The fact that Abrams and Newman are both active composers–Abrams conducts, too–may help to explain the sense of artistic insight that informed every note they played. But in the articulation of Mozart’s musical thought through the textures of his trio for viola, clarinet, and piano, it is the piano part that supplies the backbone, and so Hersh had the first opportunity to demonstrate the quality that was to characterize the entire concert.
No line would be shaped without thought, no cadence turned without nuance and expressive point. Not that this was in any sense mannered playing–it just responded with total naturalness to the musical invention first of Mozart, and then of the two other composers.
Iglitzin was heard only in the Mozart trio, where he matched Hersh’s limpid tone and Abrams’s impeccable line with many graceful phrases of his own. Abrams, indeed, is already a clarinetist to be treasured: he has an extraordinarily wide and musical dynamic range, by which I mean not merely that he can play both softly and loudly, but that his pianissimo sustains extremes of subtle poetry and that his fortissimo is never harsh or piercing.

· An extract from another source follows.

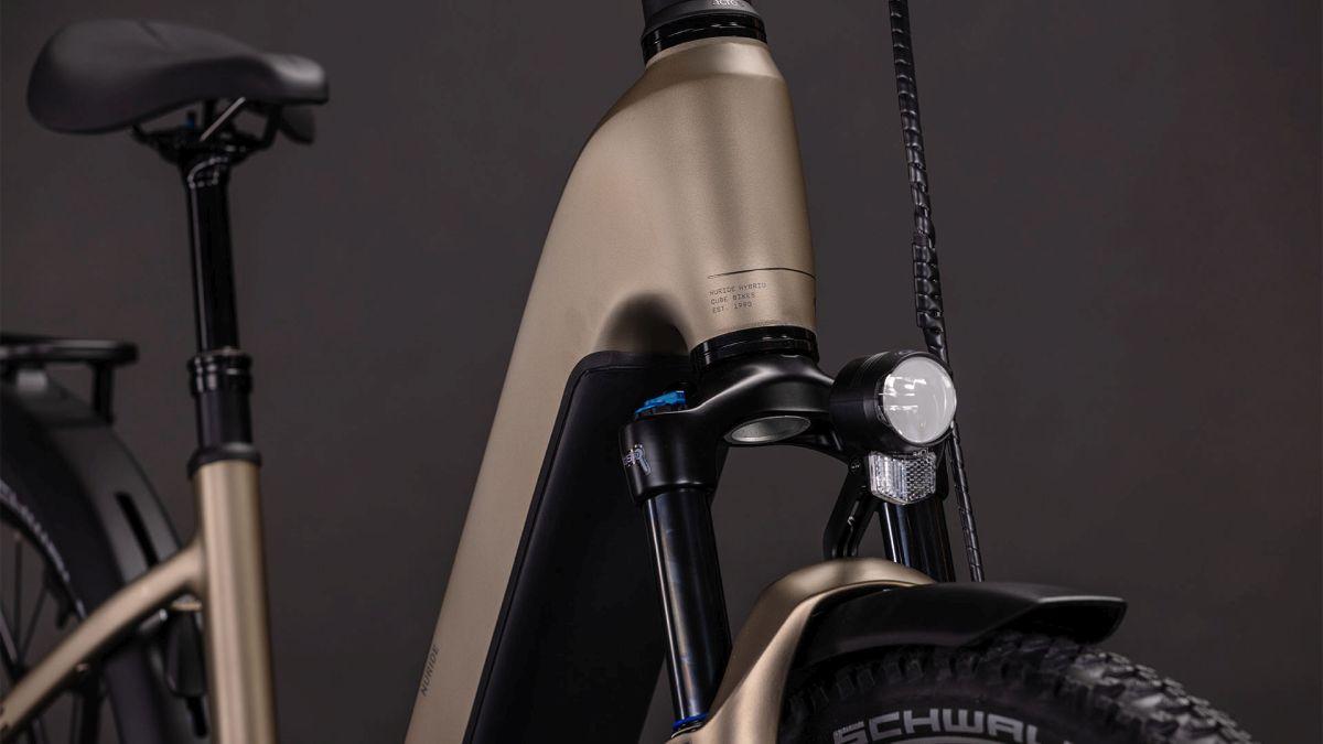 Auf den ersten Blick sieht der Nuride Hybrid Trapezrahmen vielleicht unspektakulär aus, doch wer genau schaut, wird von seiner subtilen Eleganz und den innovativen Details begeistert sein. Neben einer Federgabel mit 100 mm Federweg für ein Plus an Fahrkomfort und Kontrolle haben wir das Chassis mit großzügiger Reifenfreiheit (sogar inklusive der mitgelieferten Schutzbleche) ausgestattet. Im Inneren verlaufende Züge unterstreichen die cleane Optik. Ebenso harmonisch ins Rahmendesign integriert sind der Bosch CX Antrieb und der 600 Wh PowerTube Akku. On top gibt's einen integrierten Kettenschutz, serienmäßig verbaute Schutzbleche, Lichter, einen Seitenständer und unseren stabilen semi-integrierten Gepäckträger 2.0. Da kann das nächste Zweiradabenteuer direkt starten, oder?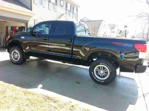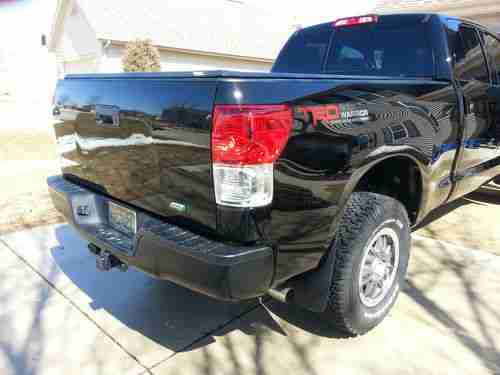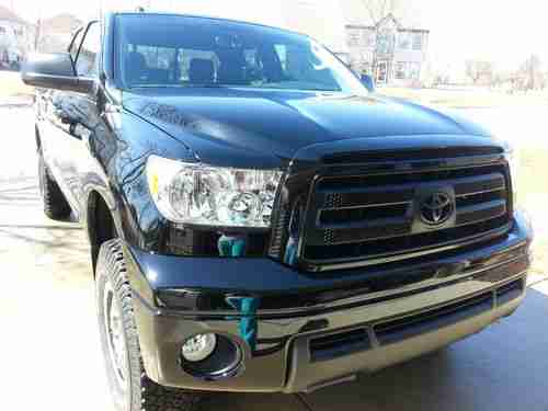 Hello, I am selling my beautiful 2012 toyota tundra. It is a 4x4 crew cab TRD Rock Warrior!!! Truck is black on black and perfect in every way possible!!!Truck has 3300 original miles... Not a misprint.. I am the first owner and have a clean and clear title in hand.This truck is as new as they come, always detailed , washed ,waxed, and garage kept and driven on nice days. Never had anything in the box or been towed with.... No imperfections what so ever, I am extremely picky with my cars, not a smudge nick scratch ding, Nothing!!!! You are buying a showroom condition truck! It has a lund soft bed cover,low range off road leveling kit, and the two front windows were tinted to match the rears. Leveling kit was installed by Toyota dealer and is covered by factory warranty. Looks awesome. Feel free to call me with any questions you may have on this beautiful truck 414 380 8973. Reserve is set at 32000.00. Happy bidding

Newman, who provided a warmly sensuous string component in Brahms’s darker and more introverted trio, is a musician of no lesser gifts. His projection of the taxing cello part in the Beethoven sonata realized both the tigerish intensity of the more energetic sections and the (suitably!) Olympian serenity that prevails through much of the work.
On this idyllic afternoon, it was fascinating to observe how the four participants’ delightfully good-humored personal interplay between pieces gave place to utterly serious concentration as soon as the music started. And further performances are keeping up the standard thus set, as I shall be reporting from time to time.
Bernard Jacobson
NB: this review appeared also in the Seattle Times.